Hace unos días empecé a jugar un RPG un tanto extraño: Ciudadanos de la Tierra. Es extraño porque es una sátira política (muy sencilla), tiene un diseño urbano y sus personajes son habitantes comunes: el vicepresidente, la madre, el hermano, el paranoico, el panadero, la maestra de yoga (embarazada) o la niña en silla de ruedas. Al inicio peleas contra protestantes, burócratas y hipsters.
Normalmente este tipo de juegos usan motivos fantásticos, post apocalípticos o de ciencia ficción; alimentan el bestiario con mutantes, animales gigantes, demonios de otras dimensiones o resurrecciones de alguna deidad menor del medio oriente. El único RPG que ha conseguido cierto éxito en construir una fantasía a través de la urbanidad, lo recordarán algunos despistados, es Earthbound.
En el inicio, Earthbound es una ciudad y no sabes qué esperar de ella: los enemigos son los perros callejeros, los cuervos o los skatos. A veces me pregunto cómo lograron salirse con la suya. Claro, eventualmente el juego es una fantasía extraterrestre y el hombre de la conspiración tenía razón. Más o menos lo mismo sucede en Ciudadanos de la Tierra.
La literatura y pocas series de televisión son las únicas que me parecen capaces de crear un mundo alterno, con ganas de ser vivido y sostenible, a través de la urbanidad y lo cotidiano. Esto me parece más difícil en el cine porque no hay tiempo de crear una ciudad sin que esta se convierta en un bostezo, pero algunos lo intentan y algunos creerán. A través de la ironía y las desgracias del hombre común, el hombre trabajador o el eterno navegante del destino, “lo que yo deseo ser”, uno se involucra en estas vidas que se consideran paralelas.

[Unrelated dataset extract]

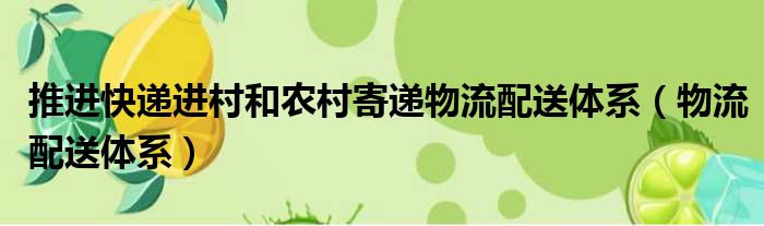 推進快遞進村和農村寄遞物流配送體系(物流配送體系)
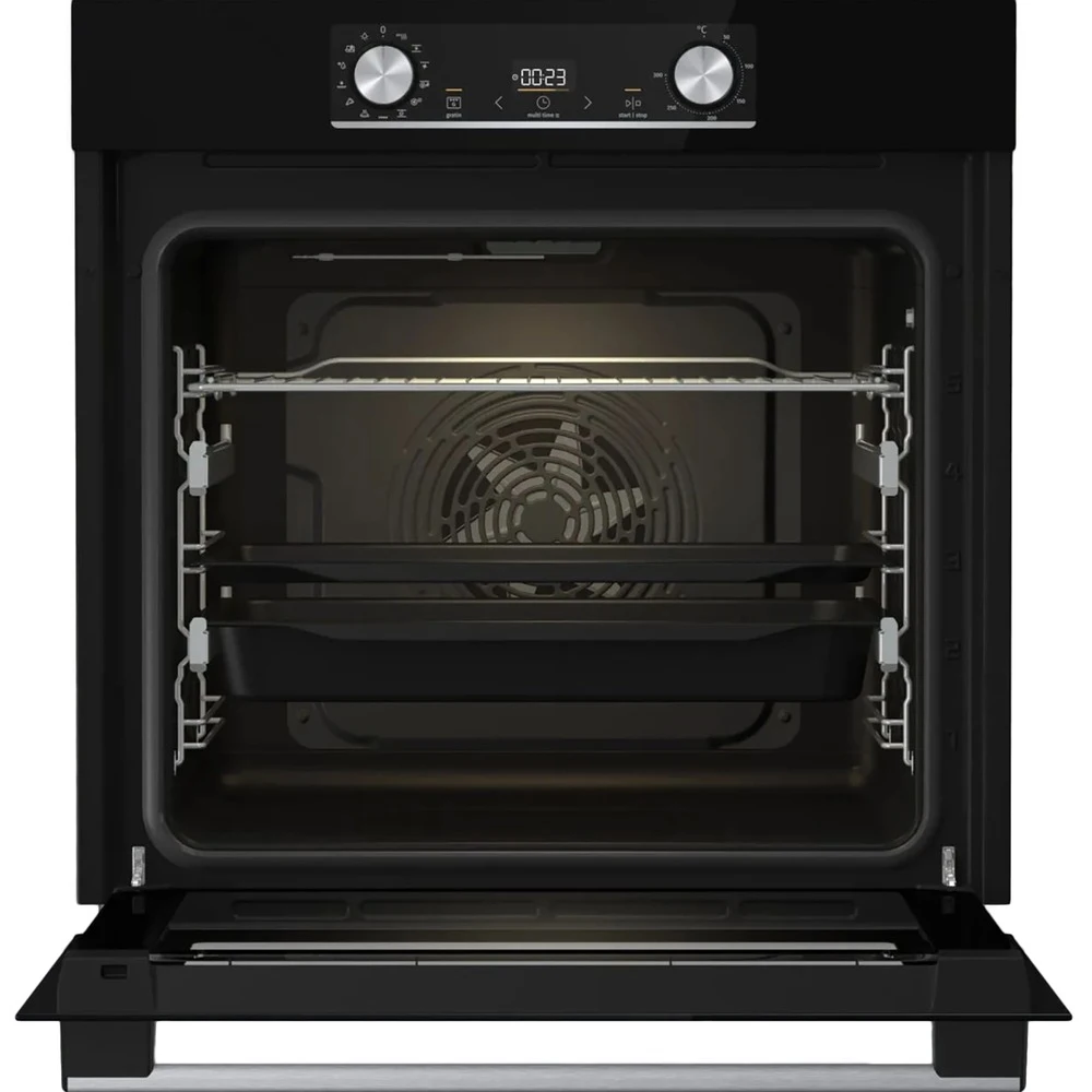 - Режимы работы: классический нагрев с вентиляцией, большой гриль, большой гриль с вентиляцией, нижний и верхний нагрев с паром, горячий воздух, интенсивная выпечка, быстрый разогрев FastPreheat, медленное выпекание GentleBake, выпечка замороженных продуктов, пицца, размораживание, AquaClean

Leonard Bloom es un caminante en una ciudad y es su cabeza la que convierte en ficción todo ese recorrido, eso estimula los sentidos y así el Ulysses, antes reservado sólo para el viajante, el asesino de bestias y engañador de reyes, también se hace medicina para el hombre común: las esquinas, los carteles, los ratones que se escurren por las alcantarillas, todos ellos tienen un motivo. Los muros, los bebedores de Dublín y Stephen Daedalus se convierten en la literatura de los días pasados. La literatura inunda el presente.
En la televisión, mientras tanto, Seinfeld y Constanza se alimentan mutuamente de las probabilidades, de contemplar caminos alternos a las fórmulas ya establecidas y buscan, súbitamente, riéndose de sí mismos, romper las reglas de convivencia. Pero la risa dura poco tiempo porque siguen dándose cuerda hasta las últimas consecuencias. Lo gracioso de lo inevitable. Se convencen mutuamente de que “tal vez ellos sí tienen el derecho de romperlas” y a través de su arrojo, su neurosis, hacen imaginar al espectador las diferencias en la fórmula, en los contratos sociales.
En Ciudadanos de la Tierra encontré una fantasía poco común pero sólida, interesante. Claro, igual que Earthbound, no resiste la tentación de convertir la urbanidad en otra cosa (poderes psíquicos, una conspiración extraterrestre), pero el inicio igual es increíble: ¿de verdad quieren que use al vicepresidente de la tierra para golpear protestantes y cazar ratas de un departamento? El juego tiene pensando en cómo usar los poderes de la profesora de yoga para mejorar las habilidades verbales del vendedor de autos usados y las burlas de la mascota del equipo. Jerry Seinfeld haría una de sus caras, es cierto, pero luego de reírse no hace daño recordar que una imaginación fértil puede transmutar incluso lo aburrido, las piedras, lo imposible.
La escuela de los opiliones. Publicado originalmente en La Jornada Aguascalientes.